I cautiously open the door where i was and step in with broom in hand. There is the cute (HA) little bugger hanging face down on the chimney. There am I, standing next to my boss.

A little side note here. Do you know about flying squirrels? they dont really fly of course, just glide like those crazy Norwegians who jump off the cliffs and wear funny suits. Why, you ask, is this relevent? Well, back to our regularly scheduled program.

When last we left you, our hero (me) the evil henchman in disguise as a good guy (my boss) and the Anti Hero (that damn squirrel) were facing off in a trianlge. It is at this time that the Squirrel showed his true self and LAUNCHED (remember that aside above?) himself at my boss. Now my boss showed HIS true colors, and jumped behind me, grabbed my shirt, and thrust me at the squirrel.

Did you all know that when threatened enough to attack something enough bigger than it that a foot would squish it, a squirrel grows 4 extra limbs and 12" long fangs? I mention this because I DID NOT KNOW THAT. However, as this little killing buzz saw was flying at me, with the dasterdly boss thrusting me at it like a shield..... I watched this metemorphis take place.

Hey have you all heard Ray Stevens song "Mississippi Squirrel Revival"? Funny freakin song.

Oh, what happened? Somehow my befogged attacking brain shut down and reflex took over. I believe i have mentioned before that i study Aikido. I particulalry like studying Aiki- Jo which is a 4' staff. remember that broom i was holding? I batted the little bugger right out the open (and costly, damn it) sliding glass door.
I watched him light on the grass outside facing me, ready for round two. At this point his evil transformation reversed and he realized he was outside. He turned and ran.
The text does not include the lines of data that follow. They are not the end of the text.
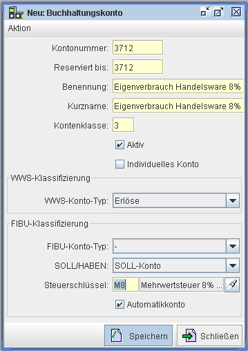 Die Kontonummer 3710 (in unserem Beispiel) ist angelegt als 'Eigenverbrauch Handelsware' mit dem alten Mehrwertsteuersatz von 7,6 %. Nach dem gerade beschriebenen Kopiervorgang müssen Sie nun die Einträge abändern, auch die Kontonummer. Die Nummer 3710 ist belegt, die Nummer 3711 ist auch belegt, als nächste freie und fortlaufende Nummer in diesem Kontonummernkreis wäre das die 3712. Diesen Eintrag nehmen Sie nun vor.
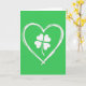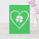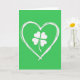 This card features a rich emerald green background that feels fresh and spring-ready, like a shared walk just after the rain. In the center sits a crisp white four-leaf clover with heart-shaped leaves arranged in neat symmetry, giving it a gentle, affectionate look 💚. A soft shadow beneath the clover adds a slight lift, making it stand out from the green field. Wrapping around it is a white heart outline made of chalk-like brushstrokes, as if someone sketched it quickly for a close friend or sweetheart ☘️. The heart’s imperfect, textured line contrasts with the clover’s smooth edges, like a tender embrace around something treasured. There’s no busy scenery—just strong shapes and color—so your eyes stay on the clover held inside the heart. Any greeting text would sit best near the top or bottom in small white lettering, leaving the center artwork unobstructed. The overall layout is minimalist: a white clover centered inside a rough white heart on a solid green background.
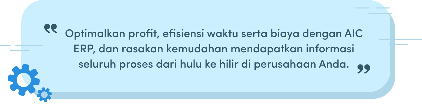 Sistem AIC ERP yang saling terintegrasi mulai dari surat penawaran sampai penerimaan barang ke pelanggan, sehingga dapat menghasilkan laporan yang akurat dan cepat sehingga memudahkan pemilik bisnis untuk mengambil keputusan yang tepat.
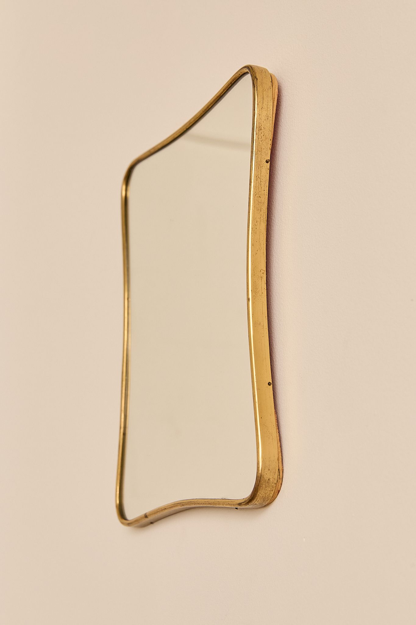 Featuring a gently curved rectangular form with a slim brass frame, this piece combines simplicity and elegance
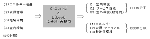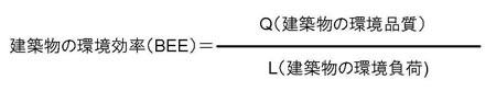 前項で整理したように、QとLの2つの評価区分を用いた環境性能効率(BEE)は、CASBEEの主要概念である。ここで、BEE(Built Environment Efficiency)とは、Q(建築物の環境品質)を分子として、L(建築物の環境負荷)を分母とすることにより算出される指標である。

I turned to my boss and...well, this is a family board. (did i mention that squirrel destroyed a perfectly good (and expensive) sliding glass door?)

If your sides have stopped hurting from laughing, please leave a tip on the way out (and yes, it is a true story)


----------



## gunfighter48 (Jun 17, 2006)

I used to hunt them in the 60s and my mom would boil them for about an hour or so. Then put the meat in a pot and make a brown gravy stew out of them with carrots, potatoes, corn, and some onions. Very good eating and got us thru a few hard winters when my dad was out of work in the logging industry.


----------